> WORK ORDER
Restate the listing below word for word; no picture is to be carried over.

> PROVIDED DATA
=== Section Start ===
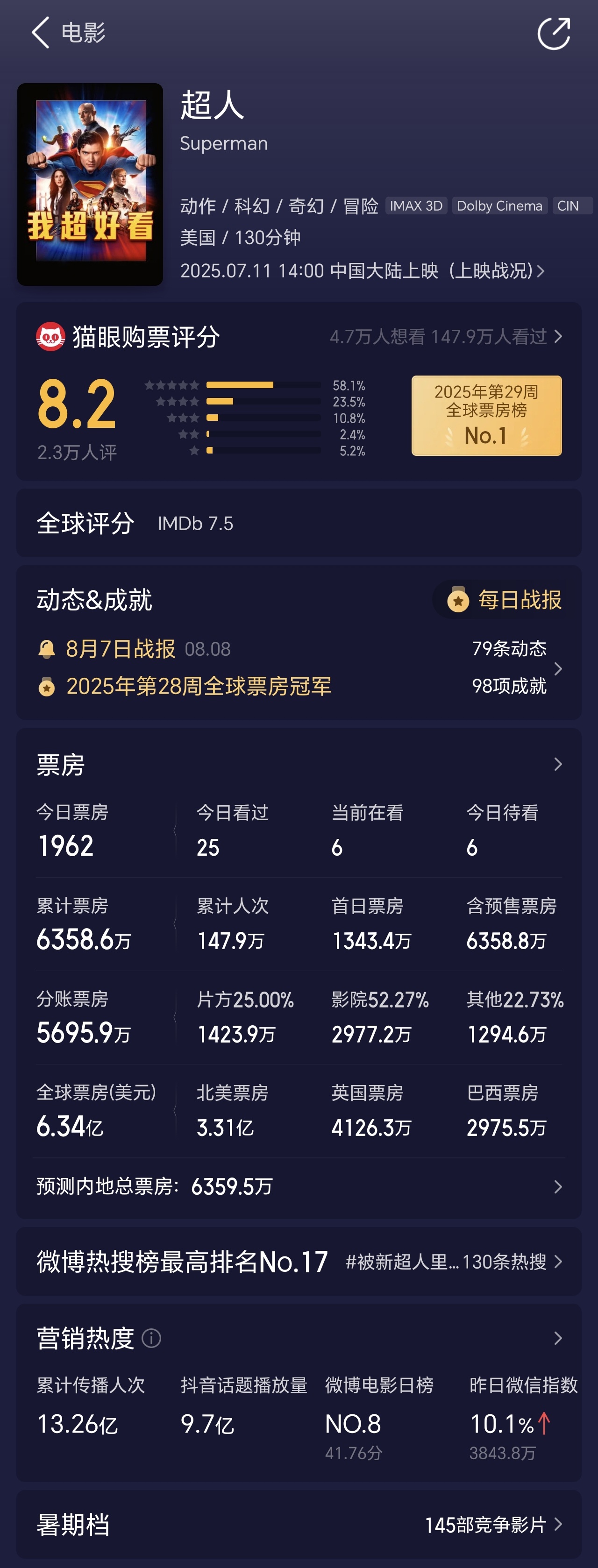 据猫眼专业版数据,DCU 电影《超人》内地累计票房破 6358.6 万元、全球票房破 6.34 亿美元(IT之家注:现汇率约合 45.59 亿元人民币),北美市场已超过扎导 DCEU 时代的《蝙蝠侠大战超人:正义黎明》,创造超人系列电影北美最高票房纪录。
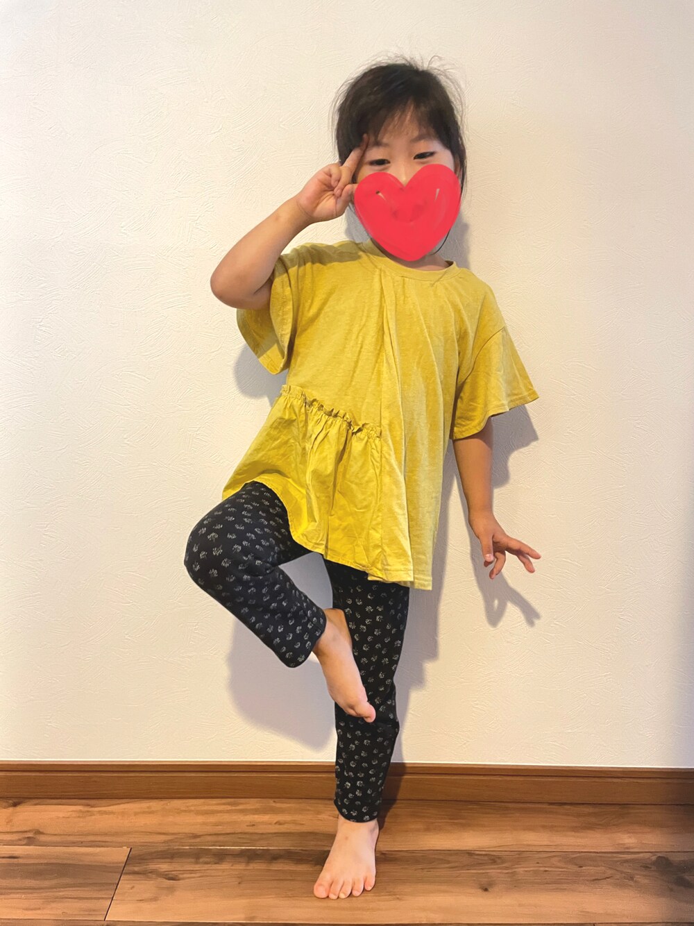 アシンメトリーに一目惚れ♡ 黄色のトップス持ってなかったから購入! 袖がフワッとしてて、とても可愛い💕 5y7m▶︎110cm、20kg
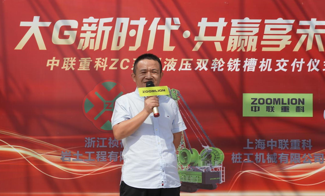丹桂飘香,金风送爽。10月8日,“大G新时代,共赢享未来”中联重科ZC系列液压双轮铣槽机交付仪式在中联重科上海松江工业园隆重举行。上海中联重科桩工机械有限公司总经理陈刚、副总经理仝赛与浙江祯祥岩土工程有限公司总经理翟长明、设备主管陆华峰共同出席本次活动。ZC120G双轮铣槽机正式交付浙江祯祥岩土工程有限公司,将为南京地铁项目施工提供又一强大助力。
=== Section End ===
> EXERCISE SOLUTION
 据猫眼专业版数据,DCU 电影《超人》内地累计票房破 6358.6 万元、全球票房破 6.34 亿美元(IT之家注:现汇率约合 45.59 亿元人民币),北美市场已超过扎导 DCEU 时代的《蝙蝠侠大战超人:正义黎明》,创造超人系列电影北美最高票房纪录。
 アシンメトリーに一目惚れ♡ 黄色のトップス持ってなかったから購入! 袖がフワッとしてて、とても可愛い💕 5y7m▶︎110cm、20kg
丹桂飘香,金风送爽。10月8日,“大G新时代,共赢享未来”中联重科ZC系列液压双轮铣槽机交付仪式在中联重科上海松江工业园隆重举行。上海中联重科桩工机械有限公司总经理陈刚、副总经理仝赛与浙江祯祥岩土工程有限公司总经理翟长明、设备主管陆华峰共同出席本次活动。ZC120G双轮铣槽机正式交付浙江祯祥岩土工程有限公司,将为南京地铁项目施工提供又一强大助力。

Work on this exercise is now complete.